WHAT YOU SHOULD DO = What is needed is an exact copy of the lines from the start of the records below through the line with "紀伊半島紀ノ川の南方で8弁の", without the pictures.

GIVEN DATA: Begin

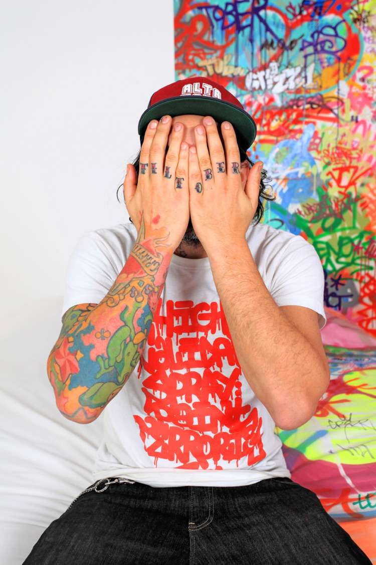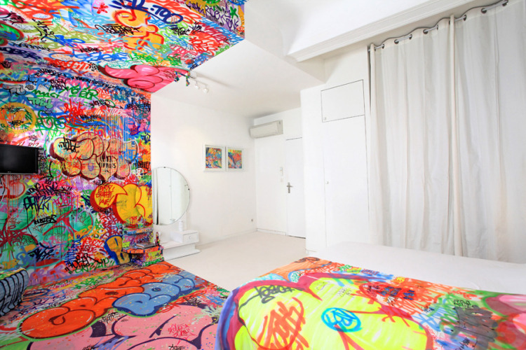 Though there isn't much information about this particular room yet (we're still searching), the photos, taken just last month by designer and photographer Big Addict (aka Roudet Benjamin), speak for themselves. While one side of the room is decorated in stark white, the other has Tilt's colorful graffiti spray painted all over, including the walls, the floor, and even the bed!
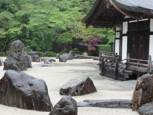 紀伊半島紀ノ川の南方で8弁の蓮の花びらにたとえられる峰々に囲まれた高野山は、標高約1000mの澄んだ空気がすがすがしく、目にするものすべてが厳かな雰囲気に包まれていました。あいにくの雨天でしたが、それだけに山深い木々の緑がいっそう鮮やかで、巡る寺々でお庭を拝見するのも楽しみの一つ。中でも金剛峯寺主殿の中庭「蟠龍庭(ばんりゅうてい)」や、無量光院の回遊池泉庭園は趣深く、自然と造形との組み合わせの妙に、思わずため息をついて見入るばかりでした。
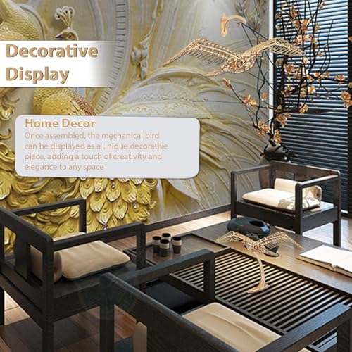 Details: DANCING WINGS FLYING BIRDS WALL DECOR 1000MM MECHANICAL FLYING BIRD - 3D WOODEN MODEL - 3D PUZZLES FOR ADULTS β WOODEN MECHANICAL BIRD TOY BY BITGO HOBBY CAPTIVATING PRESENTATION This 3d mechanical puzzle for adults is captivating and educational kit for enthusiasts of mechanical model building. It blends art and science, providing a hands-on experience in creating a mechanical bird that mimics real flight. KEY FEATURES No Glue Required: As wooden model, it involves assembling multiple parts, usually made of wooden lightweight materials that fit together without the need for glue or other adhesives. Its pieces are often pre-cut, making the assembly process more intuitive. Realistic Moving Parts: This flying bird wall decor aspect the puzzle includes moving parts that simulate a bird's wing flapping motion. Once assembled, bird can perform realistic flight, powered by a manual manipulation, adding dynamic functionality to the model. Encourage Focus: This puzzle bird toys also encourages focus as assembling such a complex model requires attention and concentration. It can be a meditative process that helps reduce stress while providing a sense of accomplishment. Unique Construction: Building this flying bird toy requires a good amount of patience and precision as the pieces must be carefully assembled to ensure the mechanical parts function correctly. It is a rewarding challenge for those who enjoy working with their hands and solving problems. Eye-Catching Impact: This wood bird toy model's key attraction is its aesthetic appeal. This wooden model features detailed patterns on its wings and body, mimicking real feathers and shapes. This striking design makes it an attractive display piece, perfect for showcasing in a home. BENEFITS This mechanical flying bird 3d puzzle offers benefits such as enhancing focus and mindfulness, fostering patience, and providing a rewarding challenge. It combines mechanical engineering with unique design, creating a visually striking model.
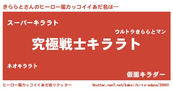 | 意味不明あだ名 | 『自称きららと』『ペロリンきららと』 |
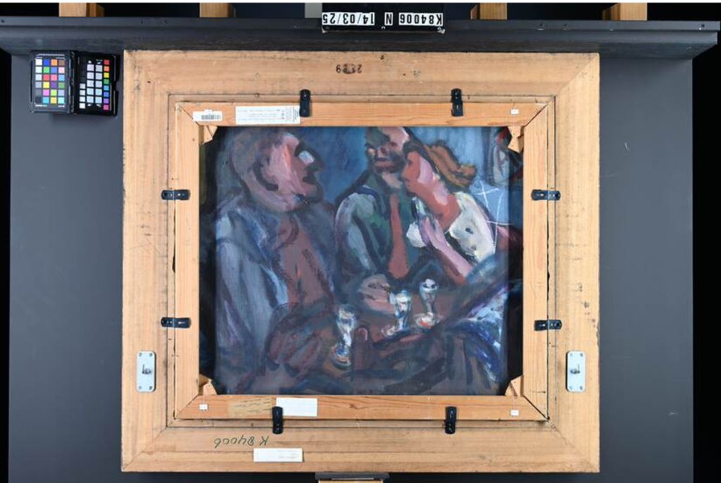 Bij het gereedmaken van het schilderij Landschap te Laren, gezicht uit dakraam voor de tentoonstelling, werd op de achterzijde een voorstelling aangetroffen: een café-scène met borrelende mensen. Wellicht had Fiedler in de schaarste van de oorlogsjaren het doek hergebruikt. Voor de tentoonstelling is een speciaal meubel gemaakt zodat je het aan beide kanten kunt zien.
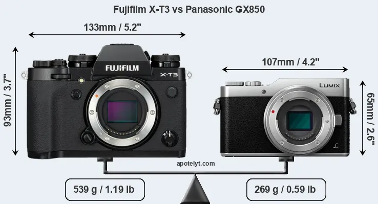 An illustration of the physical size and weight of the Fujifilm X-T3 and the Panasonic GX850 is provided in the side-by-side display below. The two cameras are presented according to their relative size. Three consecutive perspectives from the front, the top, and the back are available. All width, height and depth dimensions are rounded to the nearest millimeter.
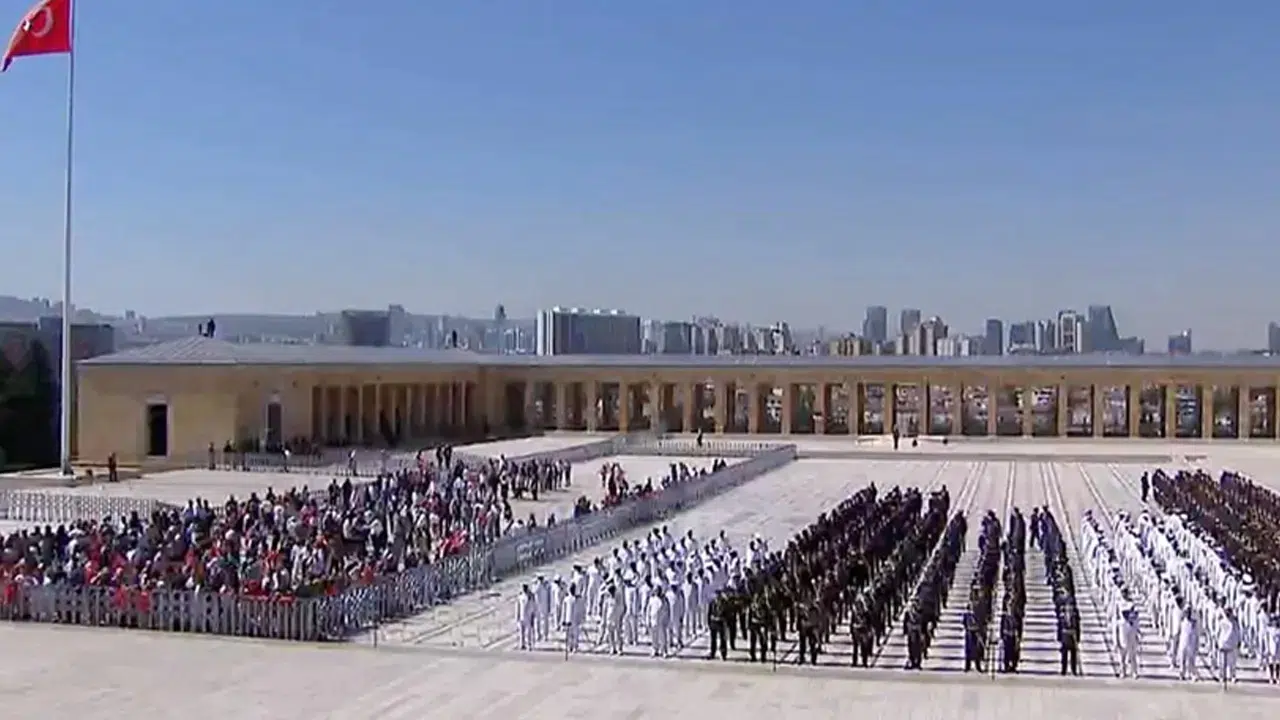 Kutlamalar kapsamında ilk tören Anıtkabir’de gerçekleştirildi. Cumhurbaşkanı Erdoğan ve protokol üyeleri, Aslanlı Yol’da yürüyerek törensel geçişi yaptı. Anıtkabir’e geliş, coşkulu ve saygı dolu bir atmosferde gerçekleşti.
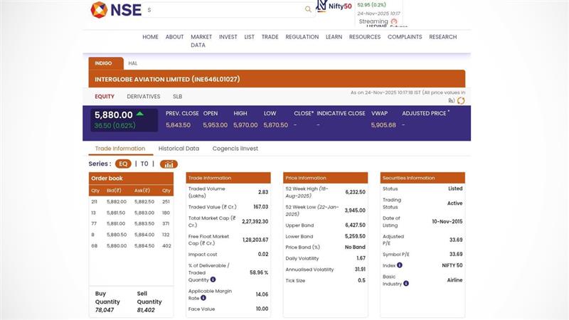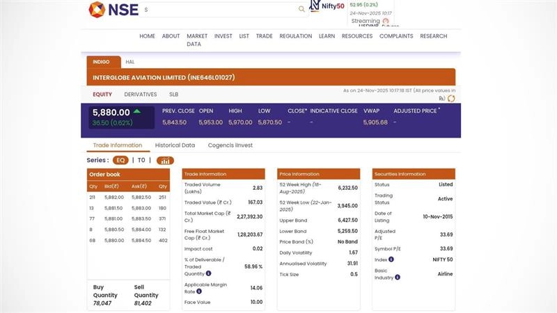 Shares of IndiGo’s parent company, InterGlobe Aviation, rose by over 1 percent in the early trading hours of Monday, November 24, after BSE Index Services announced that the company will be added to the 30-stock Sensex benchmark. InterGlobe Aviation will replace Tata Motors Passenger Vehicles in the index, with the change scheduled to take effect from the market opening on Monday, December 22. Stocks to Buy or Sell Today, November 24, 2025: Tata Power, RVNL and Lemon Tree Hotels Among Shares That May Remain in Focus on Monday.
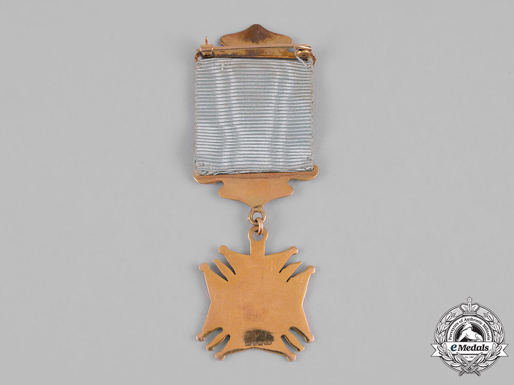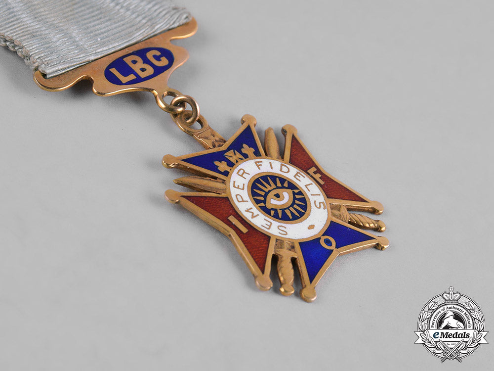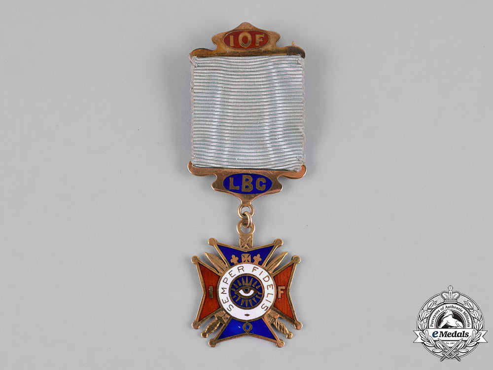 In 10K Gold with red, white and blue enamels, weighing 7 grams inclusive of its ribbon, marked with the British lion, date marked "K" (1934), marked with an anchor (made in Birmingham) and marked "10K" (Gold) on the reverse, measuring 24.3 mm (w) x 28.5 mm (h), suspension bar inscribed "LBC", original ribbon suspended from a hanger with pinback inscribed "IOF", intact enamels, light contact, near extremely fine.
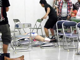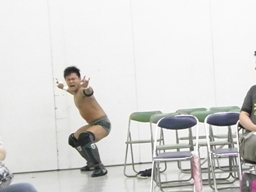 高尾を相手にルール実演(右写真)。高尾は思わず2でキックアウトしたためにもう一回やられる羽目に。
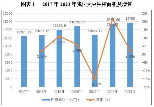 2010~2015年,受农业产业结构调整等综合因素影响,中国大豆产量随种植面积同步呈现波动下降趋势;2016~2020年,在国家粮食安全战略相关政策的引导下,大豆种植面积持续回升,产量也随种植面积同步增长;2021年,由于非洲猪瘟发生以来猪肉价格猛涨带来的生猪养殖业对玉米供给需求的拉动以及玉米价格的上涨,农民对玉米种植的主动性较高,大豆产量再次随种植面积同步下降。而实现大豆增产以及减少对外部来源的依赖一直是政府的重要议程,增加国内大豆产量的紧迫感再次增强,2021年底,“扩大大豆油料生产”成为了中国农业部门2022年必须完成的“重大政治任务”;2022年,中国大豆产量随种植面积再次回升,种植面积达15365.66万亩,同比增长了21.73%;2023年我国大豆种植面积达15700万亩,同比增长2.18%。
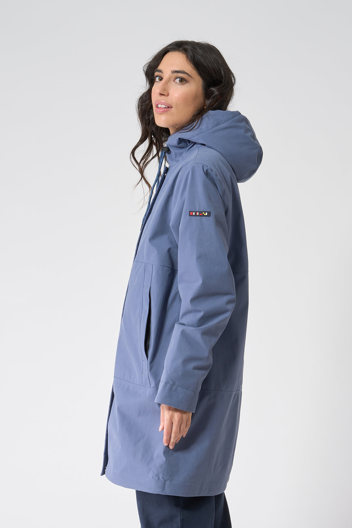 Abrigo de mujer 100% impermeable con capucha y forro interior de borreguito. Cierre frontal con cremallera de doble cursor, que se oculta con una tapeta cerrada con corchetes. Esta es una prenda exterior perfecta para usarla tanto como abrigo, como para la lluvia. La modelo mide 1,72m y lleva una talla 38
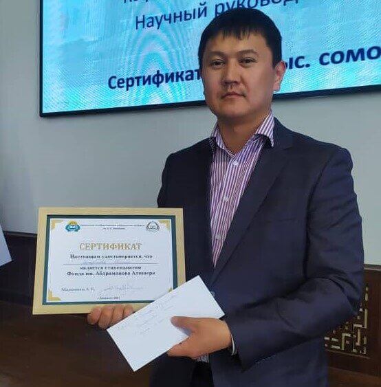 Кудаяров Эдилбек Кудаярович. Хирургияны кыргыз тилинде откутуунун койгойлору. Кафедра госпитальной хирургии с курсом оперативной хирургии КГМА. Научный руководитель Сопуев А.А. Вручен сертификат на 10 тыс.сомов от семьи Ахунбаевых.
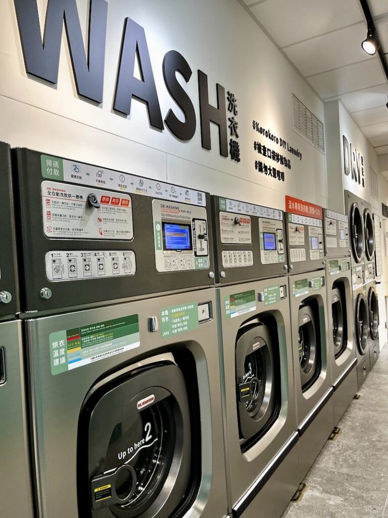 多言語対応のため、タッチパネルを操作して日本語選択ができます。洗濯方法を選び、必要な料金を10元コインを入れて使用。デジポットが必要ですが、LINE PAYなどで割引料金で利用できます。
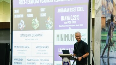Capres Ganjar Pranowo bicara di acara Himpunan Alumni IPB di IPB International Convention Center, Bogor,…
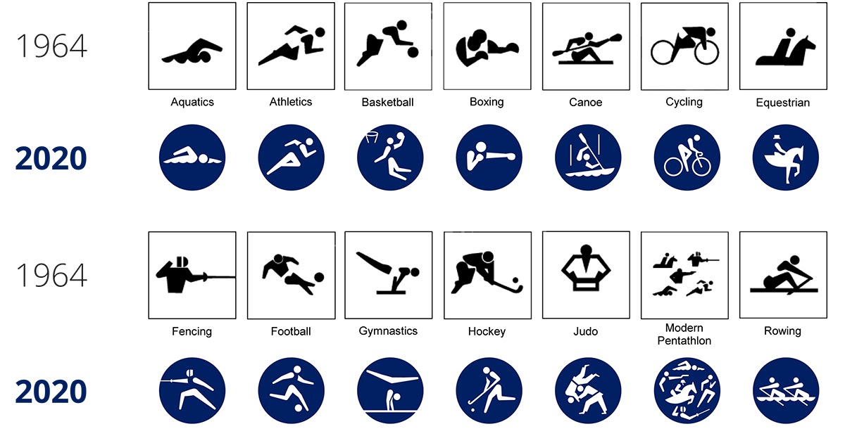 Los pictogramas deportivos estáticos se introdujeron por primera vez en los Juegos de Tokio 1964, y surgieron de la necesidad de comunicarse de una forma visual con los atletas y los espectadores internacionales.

GIVEN DATA: End

WRITTEN ANSWER =
 Though there isn't much information about this particular room yet (we're still searching), the photos, taken just last month by designer and photographer Big Addict (aka Roudet Benjamin), speak for themselves. While one side of the room is decorated in stark white, the other has Tilt's colorful graffiti spray painted all over, including the walls, the floor, and even the bed!
 紀伊半島紀ノ川の南方で8弁の蓮の花びらにたとえられる峰々に囲まれた高野山は、標高約1000mの澄んだ空気がすがすがしく、目にするものすべてが厳かな雰囲気に包まれていました。あいにくの雨天でしたが、それだけに山深い木々の緑がいっそう鮮やかで、巡る寺々でお庭を拝見するのも楽しみの一つ。中でも金剛峯寺主殿の中庭「蟠龍庭(ばんりゅうてい)」や、無量光院の回遊池泉庭園は趣深く、自然と造形との組み合わせの妙に、思わずため息をついて見入るばかりでした。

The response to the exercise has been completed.